[Bug] CUDA runtime error: an illegal memory access was encountered
Checklist
- [ ] 1. I have searched related issues but cannot get the expected help.
- [ ] 2. The bug has not been fixed in the latest version.
Describe the bug
模型:llama2-70B 设备:A100/40G × 4 lmdeploy版本:0.0.13
allocator对象貌似存在bug,持续运行时,有两种情况抛出错误了:
-
LlamaTritonModelInstance对象析构时,调用allocator->free(),出现段错误。
-
内部线程执行ContextDecode时,调用allocator->malloc(),出现cuda runtime error。

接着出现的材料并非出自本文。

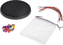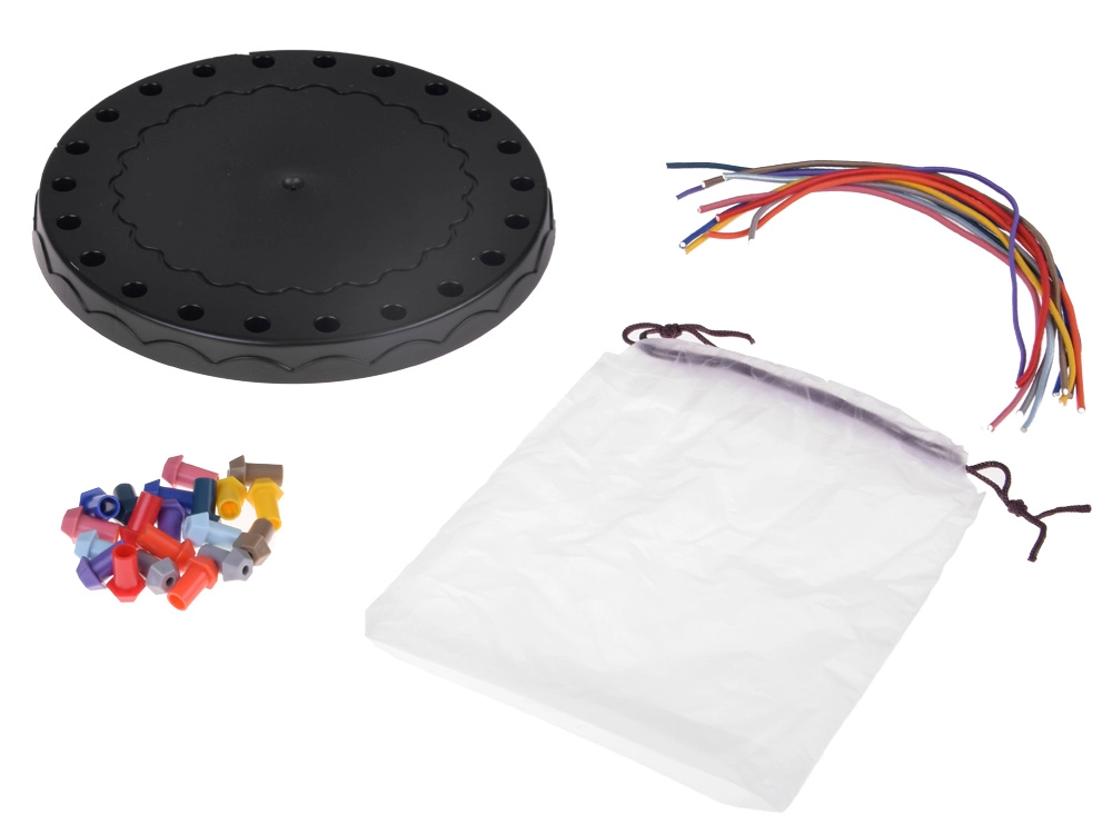 Kruhová deska, sada kolíčků i šňůrek a praktický sáček pro přenášení – ideální na cesty i do školy.

以上错误都是运行过程中随机出现的,可以正常处理一些请求。
程序是在一台cuda11.7版本的机器上编译,移到另一台cuda11.3的机器上运行的,有可能是cuda版本不一致而引起的吗?
Reproduction
void function() {
std::vector<std::unique_ptr<AbstractTransformerModelInstance>> model_instances;
std::vector<cudaStream_t> cuda_streams;
std::vector<std::thread> threads;
//创建model_instances
model_instances.resize((size_t)gpu_count);
cuda_streams.resize((size_t)gpu_count);
threads.clear();
for (int device_id = 0; device_id < gpu_count; device_id++) {
const int rank = node_id * gpu_count + device_id;
threads.emplace_back([this, device_id, rank, &model_instances, &cuda_streams]() {
ft::check_cuda_error(cudaSetDevice(device_id));
cudaStream_t stream;
ft::check_cuda_error(cudaStreamCreate(&stream));
cuda_streams.at(device_id) = stream;
auto model_instance = this->model->createModelInstance(device_id, rank, stream, this->nccl_comms, nullptr);
model_instances.at(device_id) = std::move(model_instance);
printf("model instance %d is created \n", device_id);
ft::print_mem_usage();
});
}
for (auto& t : threads) {
t.join();
}
//构造请求
//推理
threads.clear();
for (int device_id = 0; device_id < gpu_count; device_id++) {
threads.push_back(std::thread(threadForward,
&model_instances[device_id],
request_list[device_id],
&output_tensors_lists[device_id],
device_id,
instance_comm.get(),
node_id,
(void*)(&lmDeployRequest)));
}
for (auto& t : threads) {
t.join();
}
//释放model_instances
model_instances.clear();
//销毁句柄
for(int device_id = 0; device_id < gpu_count; device_id++) {
ft::check_cuda_error(cudaSetDevice(device_id));
cudaStream_t stream = cuda_streams.at(device_id);
ft::check_cuda_error(cudaStreamDestroy(stream));
}
//释放请求
}
以上是调用AbstractTransformerModelInstance进行推理的大致方式,劳烦看看有没有问题。
Environment
ubuntu-16.04
cuda-11.4
Error traceback
No response
打开了FT_DEBUG_LEVEL=DEBUG,貌似是执行LlamaV2::ContextDecode()的invokeInputIdsEmbeddingLookupPosEncoding()时出错了。
模型初始化参数如下:
这里用的是llama2-13B模型,单显卡。
在输入一个较长的序列时(input_length=1769)时出现。
- 错误1貌似是由于释放LlamaModelInstance后立即销毁cudaStream句柄导致的。但我看allocator.h的代码:
void free(void** ptr, bool _ = false) const {
...
check_cuda_error(cudaFreeAsync(*ptr, stream_));
cudaStreamSynchronize(stream_);
...
}
释放显存后是有同步等待的,我对cuda编程并不熟悉,望解答。 2. 错误2是由于输入的token_id不合法导致(token_id < 0 或 token_id >= vocab_size)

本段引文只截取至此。